The prevalence of thromboembolic events after direct-current cardioversion of atrial fibrillation is 2.0%, and is higher in diabetic and heart failure patients (9.8%) [12,13]. Most of the embolic events occur within 3 days after cardioversion [14]. The duration of atrial fibrillation prior to the direct-current cardioversion is an important risk factor for early formation of left atrial appendage thrombus in the case of subtherapeutic anticoagulation. In the cases of atrial fibrillation of more than 48 hours’ duration following direct-current cardioversion, there is electromechanical dissociation in the left atrium due to tachycardia-mediated stunning of the left atrium [15]; this causes stasis of the blood, leading to thrombogenesis and embolization [16]. In our patient, anticoagulation therapy interruption following the cardiac catheterization is the most likely explanation of the coronary artery embolism [14]. The sensitivity and specificity of TEE reaches 99% for exclusion of left atrial appendage thrombus [17], a frequent source of emboli; yet it is possible that in rare cases, micro-emboli remain undetected. Another possible pathophysiologic mechanism of myocardial infarction in our patient is the atrial fibrillation-induced inflammation. Many inflammatory markers have been used to predict cardiovascular events, and they play an important role in the pathophysiology of AF [18]. For example, plasma stromal cell-derived factor-1 has been found to be increased in patients with atrial fibrillation and coronary artery disease and is associated with recruitment of the inflammatory cells and adverse remodeling [19].

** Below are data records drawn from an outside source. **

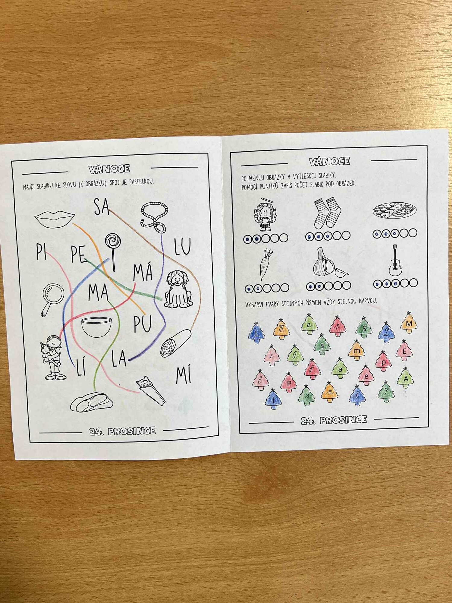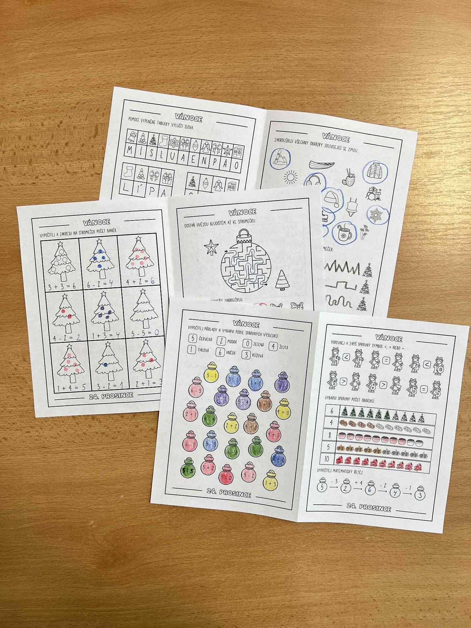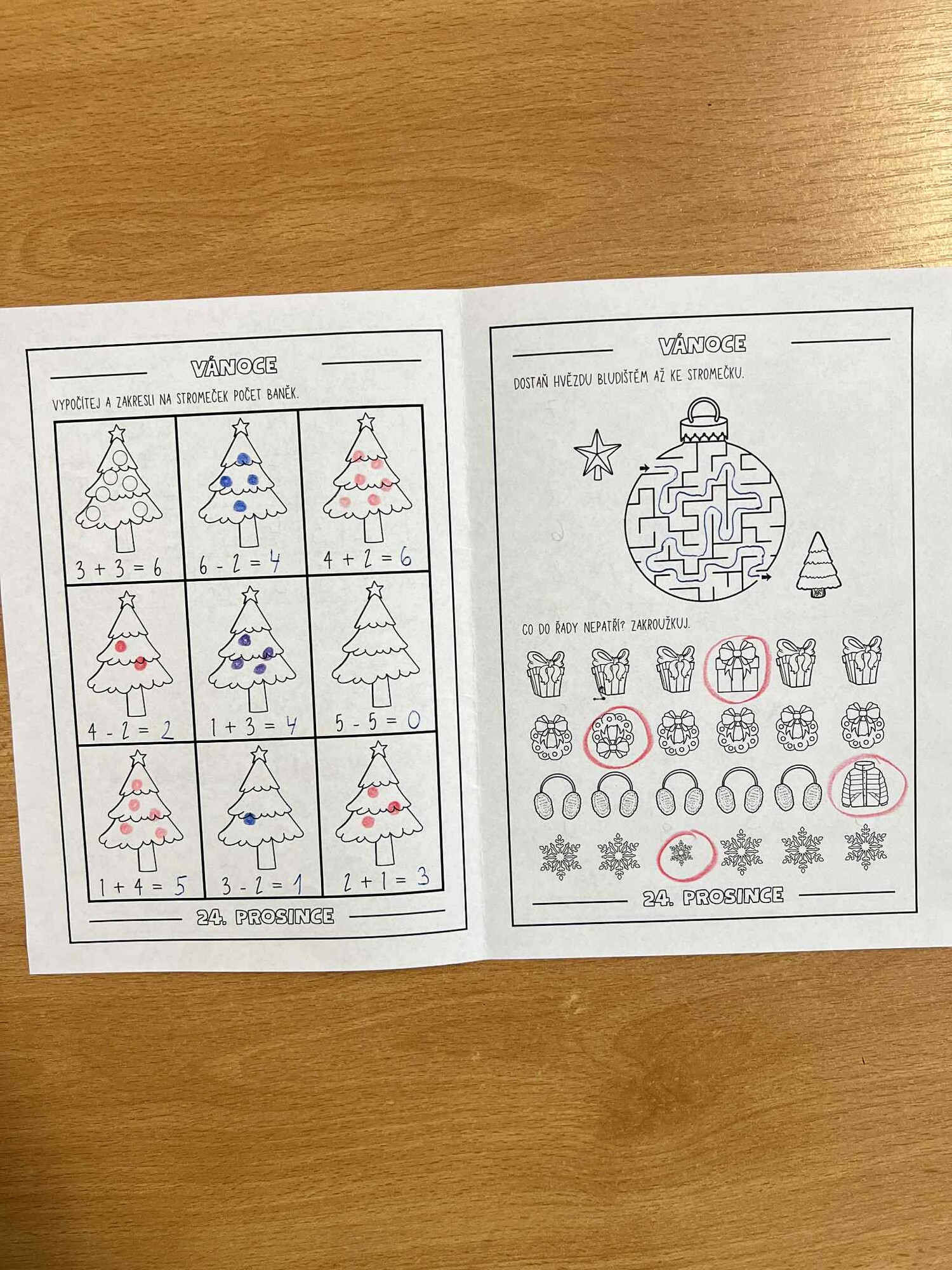 Pracovní listy jsou zpracovány ve formě černobílé knížečky určené pro žáky prvních tříd. Obsahují úkoly s vánoční tématikou, které propojují zábavu s procvičováním učiva z českého jazyka a matematiky.
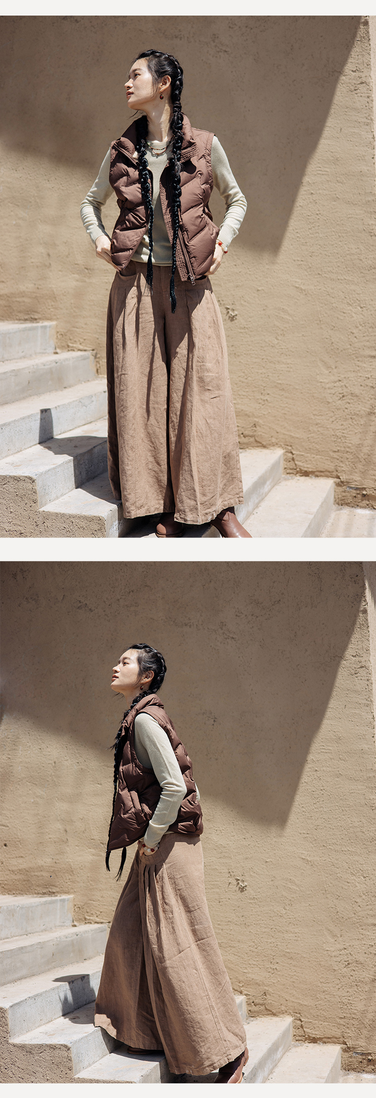 以天然亚麻为载体,融合热烈色彩与自在剪裁为身在城市、心怀远方的女性提供兼具美学与舒适的旅行着装
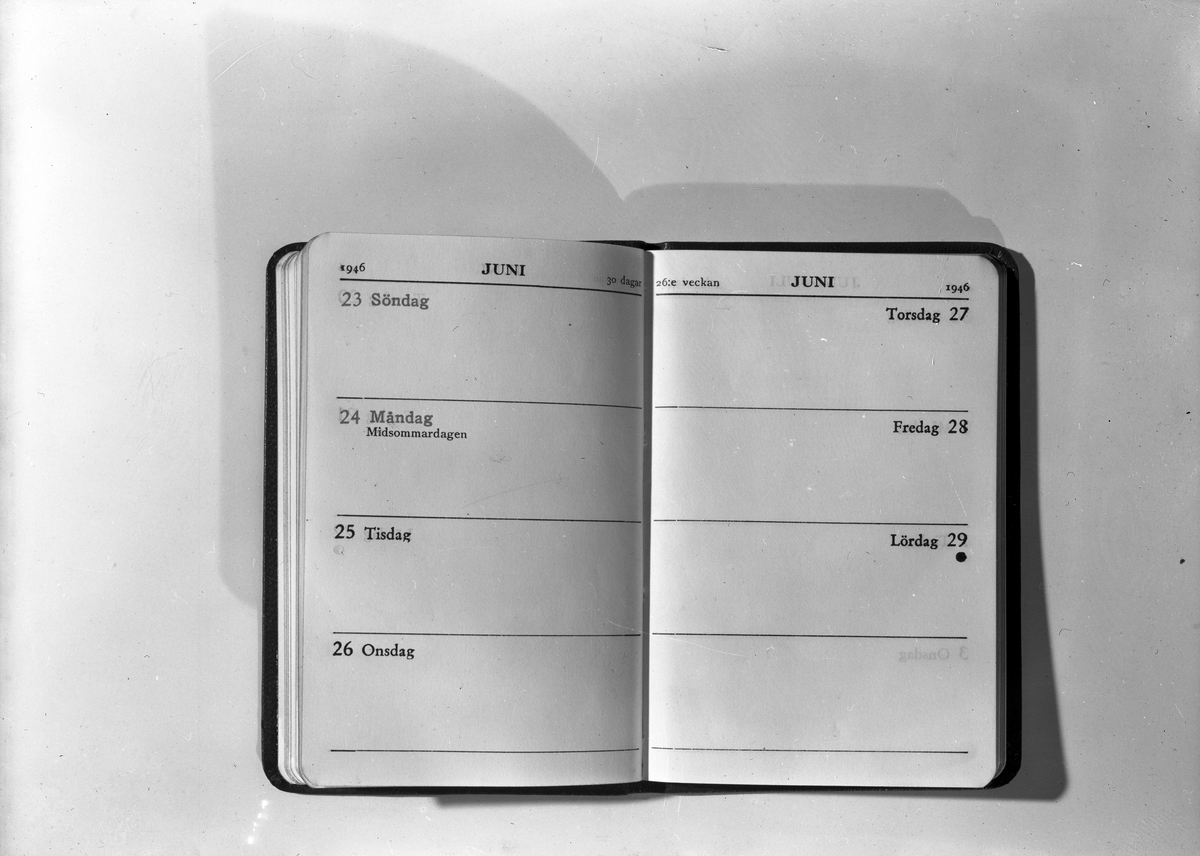 Reklam på almanacka, januari 1946. Skandico Reklam.
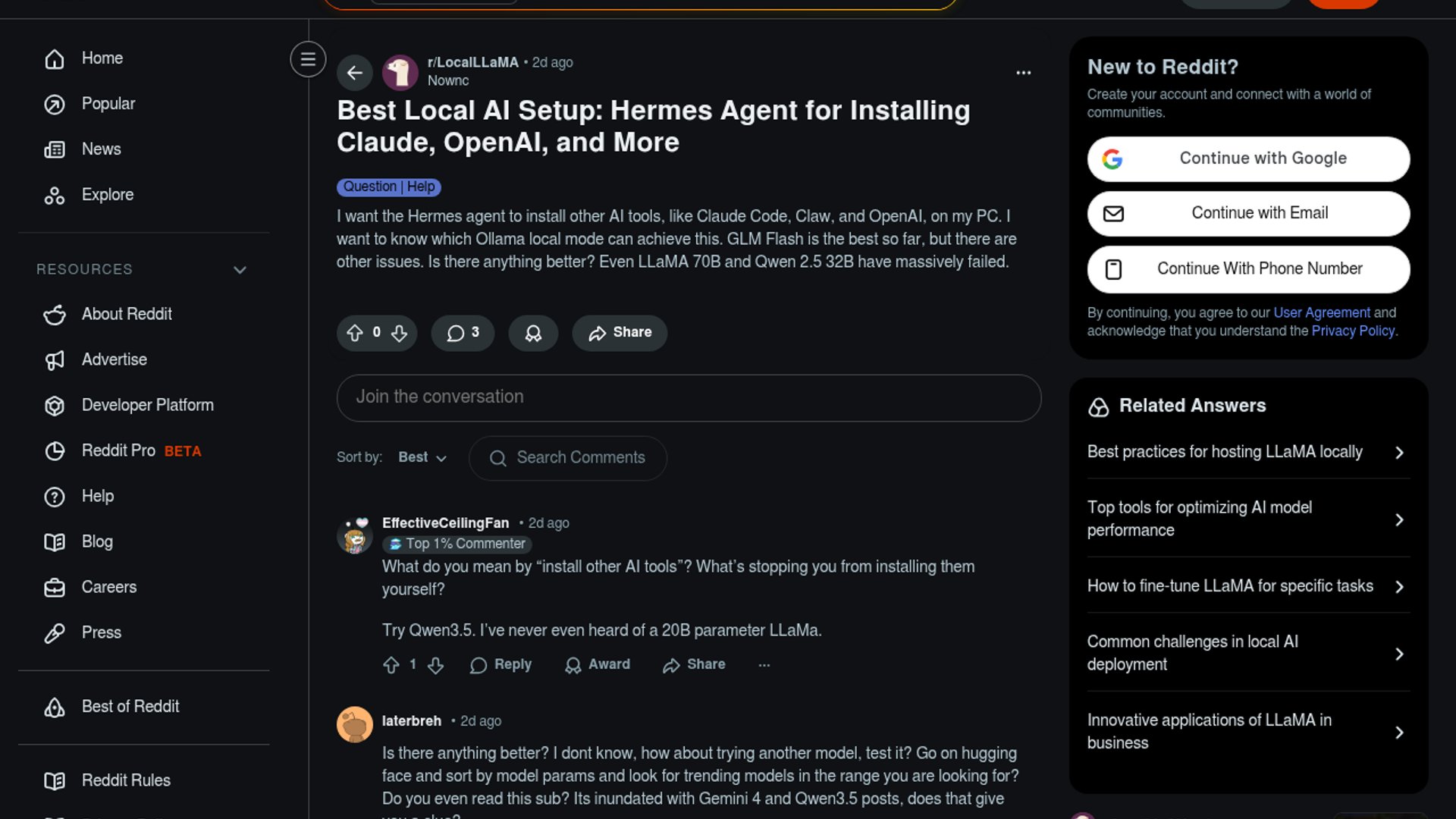 Hermes Agent is the subject of a LocalLLaMA help post about which Ollama-backed model can reliably drive installs and tool use on a PC, including setup around Claude Code and OpenAI tools. The poster says GLM Flash has been the least bad option so far, while LLaMA 20B and Qwen 2.5 32B both failed their setup.
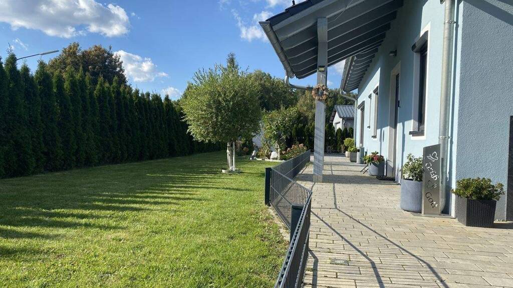 Der Außenbereich besticht durch eine großzügige Süd-West-Terrasse, die sich um das Haus erstreckt. Im Garten befindet sich eine erst kürzlich errichtete Sommerküche und ermöglicht kulinarische Erlebnisse im Freien. Diese eignet sich ideal für entspannte Stunden mit der gesamten Familie.
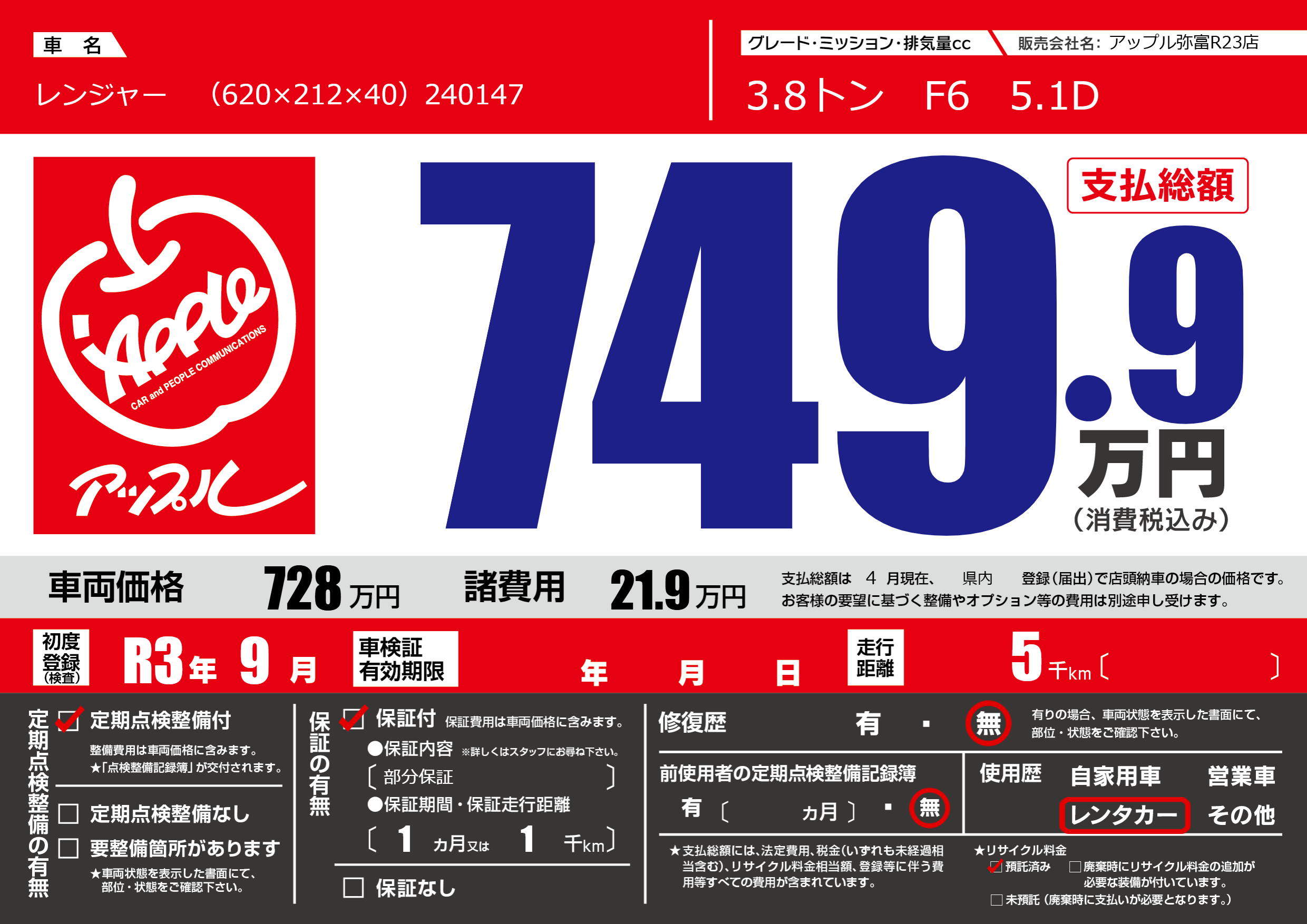 | 車名 | レンジャー (620×212×40)240147 | グレード ミッション 排気量 |
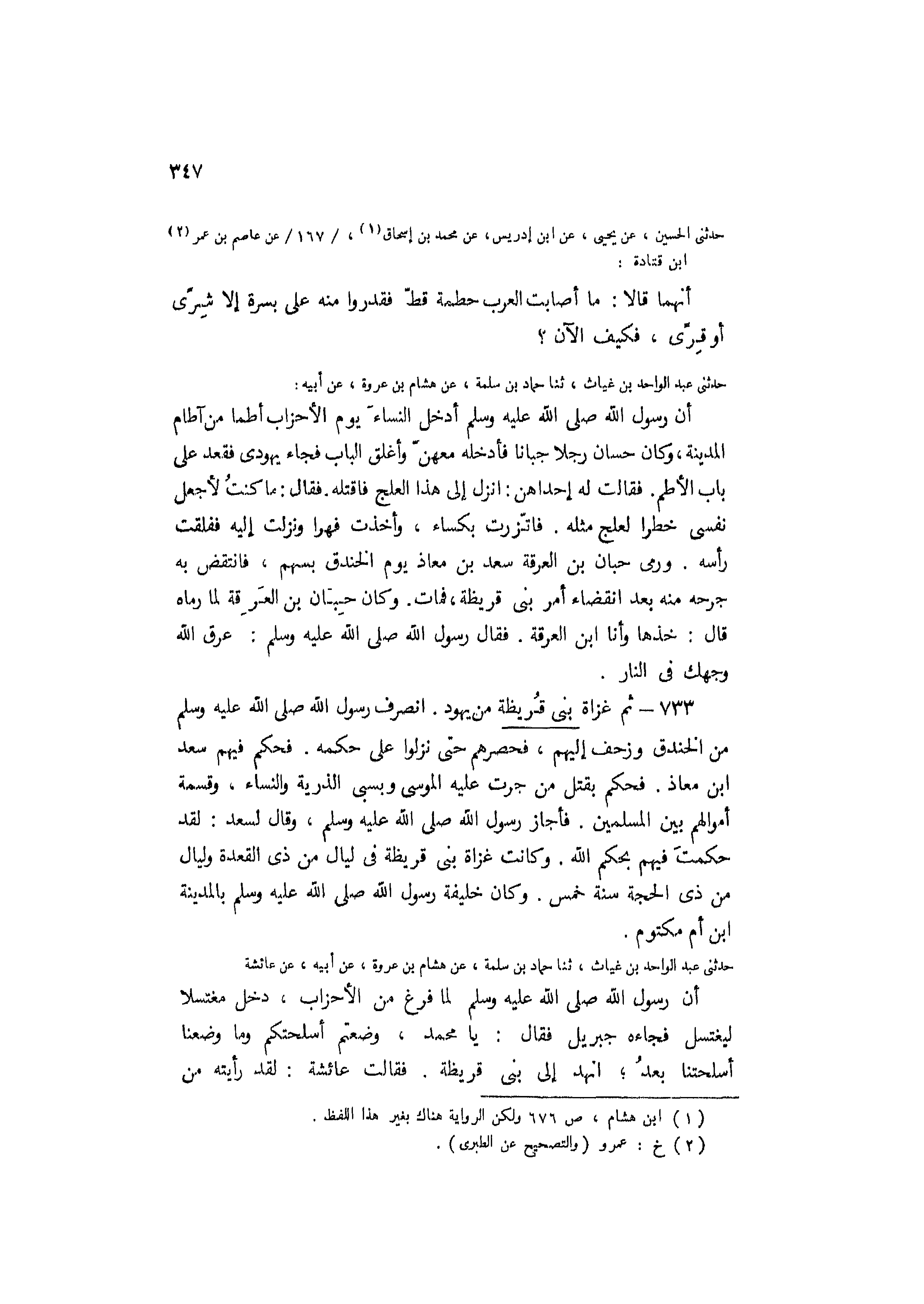 [1] ابن هشام، ص 676 ولكن الرواية هناك بغير هذا اللفظ.
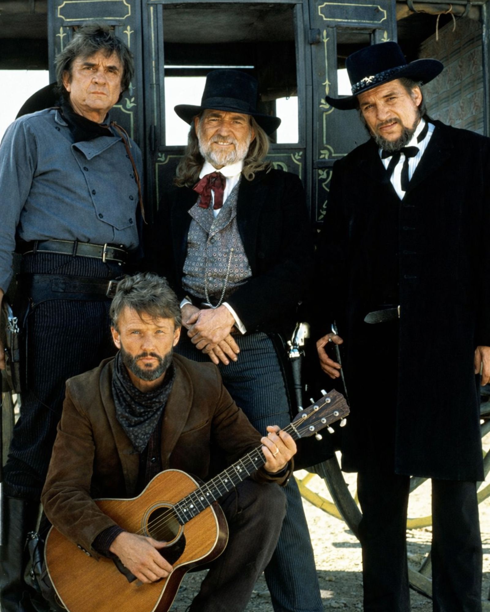 Johnny Cash stood like a man already judged, shoulders squared, face carved into something both stern and tender. Waylon Jennings carried defiance in his posture, the kind that says, try and take it from me. Kris Kristofferson watched the moment the way a writer watches the last page of a story he knows will outlive him—quiet, observant, almost protective of what it means.
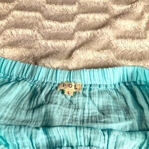 POL Size L Skirt Blue Stretchy Waist Gauze Textured Ruffle Hem Maxi Beachy NWOT
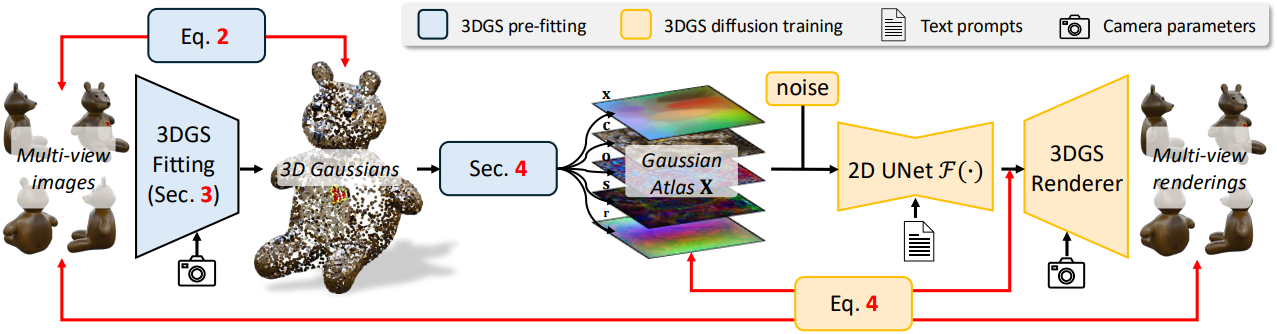 3D Gaussian을 2D 평면으로 변환한 후, 사전 학습된 Latent Diffusion 모델을 Gaussian Atlas를 사용하여 fine-tuning할 수 있다.
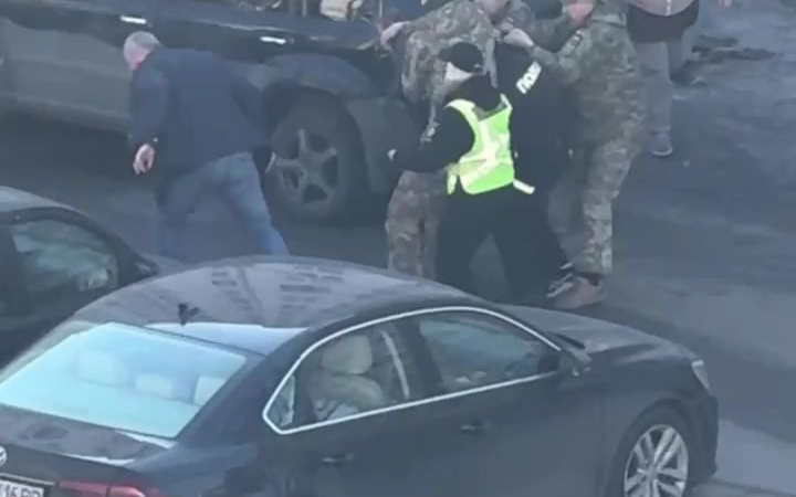 乌克兰斩杀线,三个征兵员负责抓人上车,警方负责用辣椒喷雾驱逐好心人帮忙。
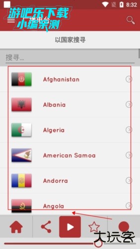 4、最后就会弹出许多的国家了,但是因为是显示英文,所以就可以在搜索栏里输入关键词即可弹出。
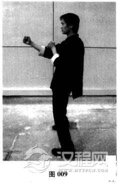 (5)右拳贴着右肋骨向内摩擦旋转,至心窝处停住,呈拳眼朝上、拳面朝前状;右拳拳腕离心窝约一拳的距离(图008)。

The key to successful management of coronary artery embolism-related acute myocardial infarction is prompt thrombus aspiration [9]. The use of intracoronary thrombolysis with r-TPA or urokinase in addition to balloon angioplasty has also been described [1,6]. Optical coherence tomography (OCT) or intravascular ultrasound (IVUS) can be performed after catheterization to rule out possible underlying eccentric plaque rupture or erosion [20]. Histopathological examination shows that the left atrial thrombus contains fibrin, platelets, and red blood cells [3]. Long-term treatment with oral anticoagulation and antiplatelet therapy are recommended in these patients [5]. A coronary artery embolism recurrence rate as high as 8.7% has been reported during the 5-year follow-up. Moreover, a higher 5-year risk of all-cause and cardiovascular mortality compared to other subgroups of patients with acute myocardial infarction has been reported [11].

Conclusions

In conclusion, subtherapeutic anticoagulation therapy soon after direct-current cardioversion of atrial fibrillation can lead to potentially fatal coronary artery embolism and acute myocardial infarction. As demonstrated by our case, we suggest emergent thrombus aspiration and long-term treatment with triple antithrombotic therapy, including aspirin, P2Y12 receptor antagonist (e.g., clopidogrel), and factor Xa inhibitor or warfarin.